Simply having enough data is not enough to guarantee that a conclusion drawn is warranted; it is also important that the data is drawn from a variety of sources and obtained under a variety of different conditions.

A survey of voting intentions conducted outside the local Conservative Club is not going to provide an accurate guide to who is going to win the next general election. A disproportionate number of people in the vicinity will be Conservative voters, and so the results of the survey will be skewed in favour of the Tory party. The sample is not representative.

A survey to find out what proportion of the population own mobile phones would be similarly (though less obviously) flawed if it were conducted near a Sixth-Form College. The sample of the population would be skewed towards teenagers, who are more likely than average to own mobile phones, distorting the figures.

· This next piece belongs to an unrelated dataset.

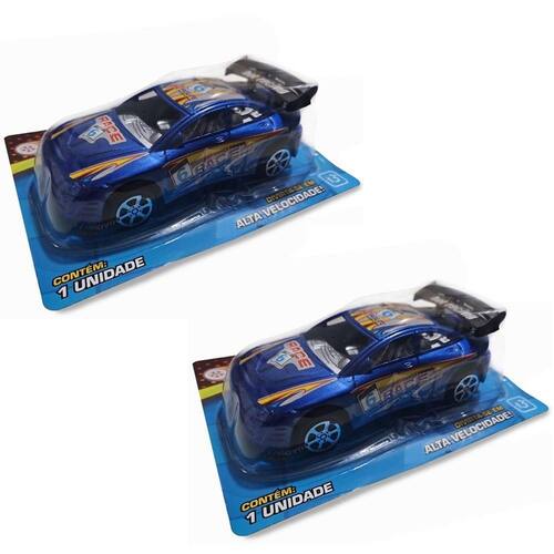 Kit 2 Carrinhos Fricção Race Infatil Carro Corrida Possantes Azul

Collecting data from a variety of sources is one thing; collecting it under a variety of conditions is another. A survey of what type of vehicles use local roads conducted at a variety of locations, but always at the same time of day, would not yield representative data. Conducting it during rush-hour would mean that commuter-traffic would be over-represented in the results; conducting it in the evenings might mean that public transport would under-represented in the results. Differences in what types of drivers drive at what times would need to be factored in when designing the experiment.

The quality of a data-set is thus not just a matter of how much data it contains, but also of how representative that data is likely to be. To minimise the problem of unrepresentative data, evidence must be collected from as wide a range of sources as possible, and under as varied conditions as possible.